- Danny Rampling's seminal acid house party returns with a heavy hit of nostalgia.
- More than 30 years since it began, Danny Rampling's seminal club night Shoom hosted a one-off takeover at Electric Brixton on Friday night. Feeling like a giant playground, the former theatre lent itself perfectly to the mischief of the night, with big, baroque arches and a sweeping balcony that held people deep in excited conversation.
Shoom was renowned for drawing in a broad mix of people and in that respect it hasn't changed. Faces maybe looked more weathered than they did in the '80s, though they were still absolutely ecstatic to be reliving the glory days. The iconic acid house smiley stared back at you from bums, boobs and the ceiling, dangling above a hazy scene of smoke and strobe lights. With tracks like DJ Pierre's "Back 2 House (Pierre's 80's Time Warp Mix)," Rampling took the crowd back to where it all began. He dropped Frankie Knuckles' "Your Love," the track's synths like flecks of magic across the audience, their arms embracing the sky as they sang. "I need your luuuuurveee!"
Hitting the stage in a blue, skin-tight jumpsuit, Inner City's Steffanie Christi'an sent her powerhouse vocals careering off the theatre walls. After classics like "Big Fun" and "Your Love," she threw the mic around her neck and set off into the crowd. Next, she grabbed the bass guitar; before you knew it, she was banging out samba on the bongos. The riff from "Good Life" made bodies tingle with a sense of promise and hope, as the band's leader, Kevin Saunderson, took to the mic to remind us, "We make music that brings us together."
The night ran away in a tale of garbled stories and quickly forgotten names, with plenty of reminiscing about the good old Shoom days. "You bosh your knee, you dance all night," said one woman. "That's the house we know." The sense of community that once bound this scene together is obviously still a huge pull. "I just came for the vibe," another woman, who was too young to have seen the '80s, told me.

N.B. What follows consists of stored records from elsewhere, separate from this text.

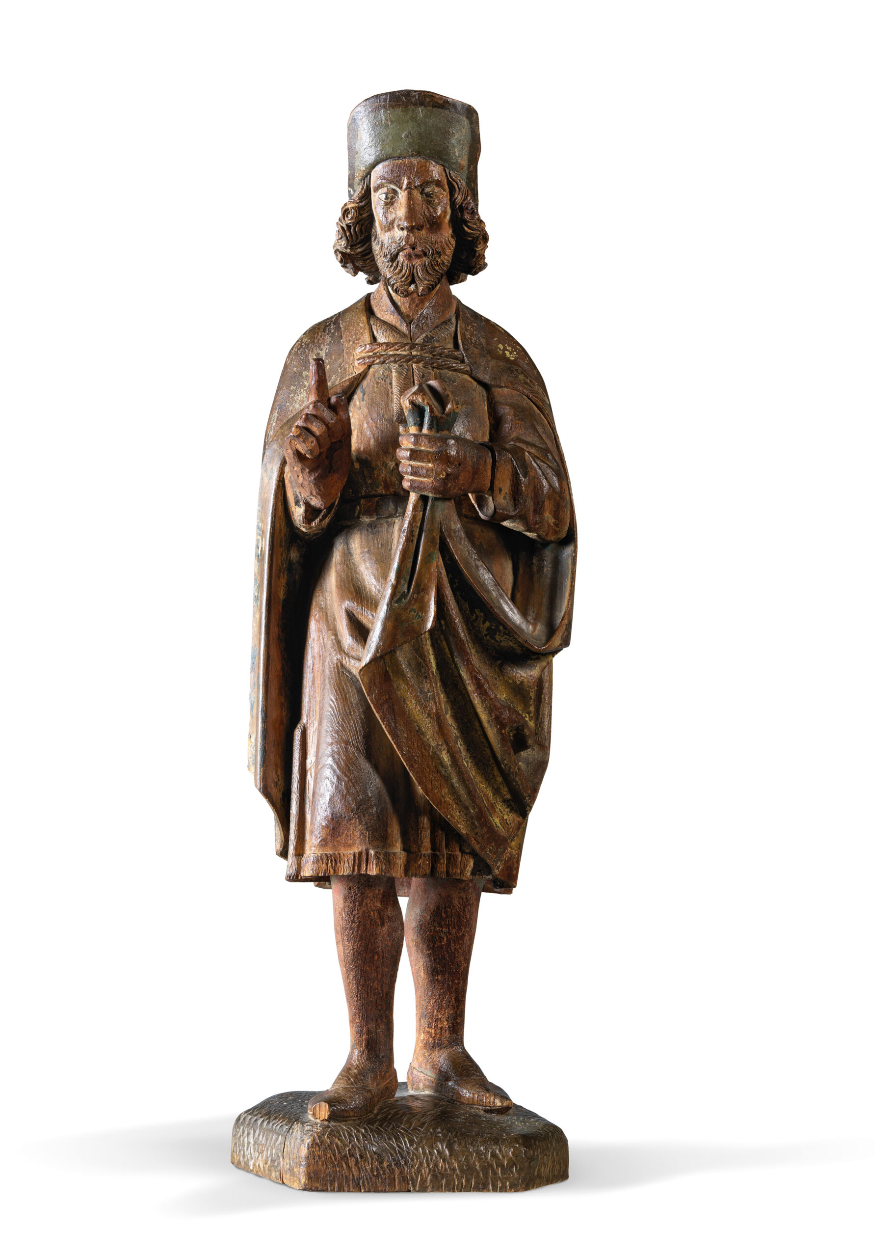 Our partially polychromed Saint is carved in the round. It is hollowed out in the back.
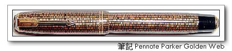 Parker Golden Web Posted on 6 一月, 2007 by CWY 派克的Golden Wed在真空上墨中雖然不是最罕見,但是卻是最知名的一款設計。最主要還是在於金網的花色實在太特別。小佩在鋼筆實驗室中有非常豐富的說明,所以在這裡也不用說太多了。
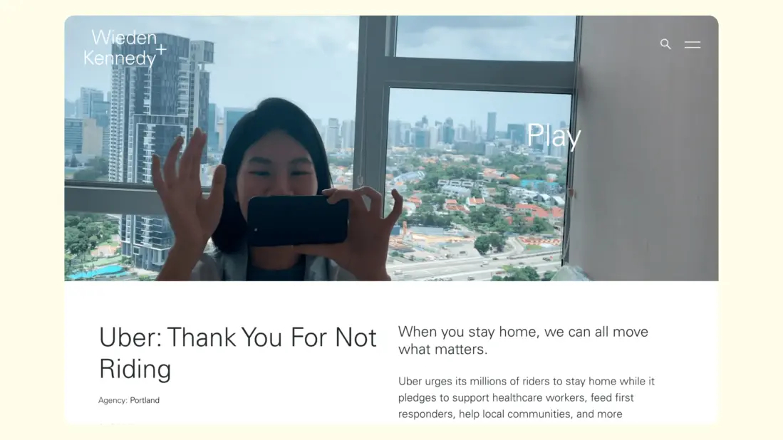 В пандемию Uber сделал себе антирекламу. В ходе кампании Thank you for not riding сервис благодарил людей за то, что они не ездят на такси во время самоизоляции. Таким способом бренд показал себя ответственным перевозчиком и повысил уважение к себе среди пользователей. Чтобы закрепить эффект, компания организовала 1 миллионов бесплатных поездок для тех, кто продолжал работать очно, и доставку продуктов для нуждающихся.
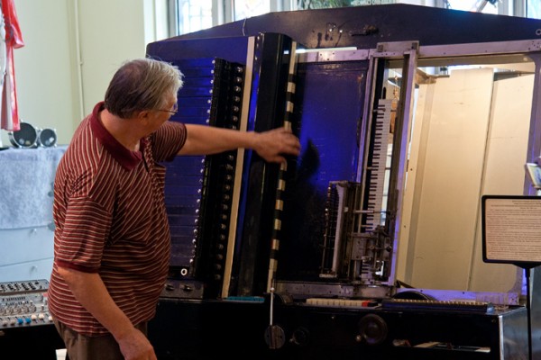 The non-drying mastic allows for immediate correction of the resulting sounds: portions of the plate that generate superfluous sounds can be smeared over, and missing sounds can be added. The speed of the score – the tempo of the piece – can also be smoothly regulated, all the way to a full stop via a handle at the front of the machine.
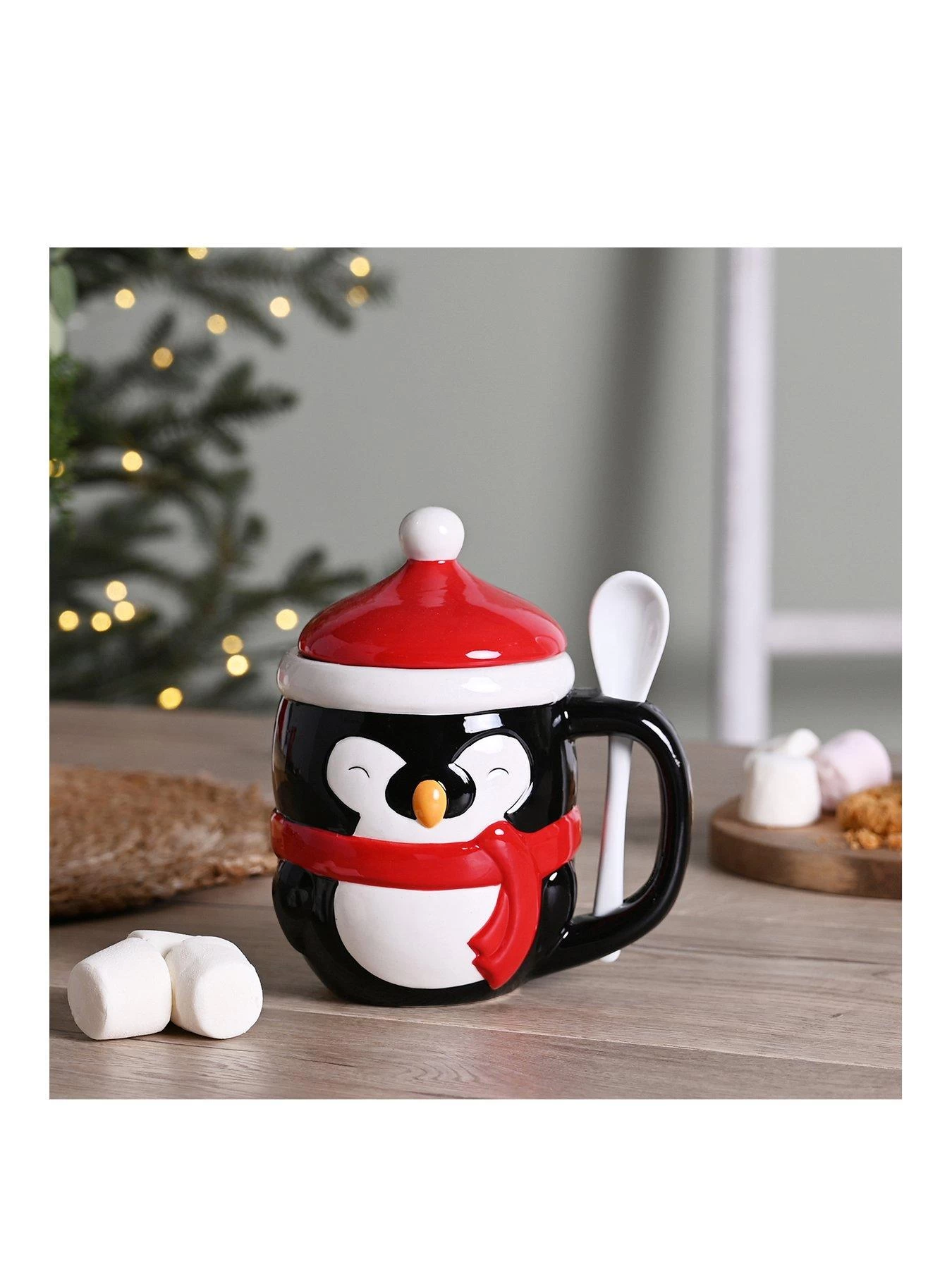The ceramic mug showcases a distinctive penguin design, bold colouring, gloss finish and spoon held within the handle. The penguin’s hat lid ensures that drinks stay warm for maximum enjoyment of hot chocolate or mulled wine.

Farley & Heller saw the party safely through to 5 AM with feel-good anthems that haven't lost their magic. Martha Wash's gospel vocals on "Carry On" opened hearts and lungs. As she sung about a new day dawning, you almost believed it. But then you looked around at the thinning crowd and something told you it wasn't quite the Shoom of old. In the '80s, people really did believe the world was changing. Today we find ourselves in similar conditions to those fomented by a decade of Thatcherism, but instead of looking to the future, it feels safer to take refuge in days that have been and gone.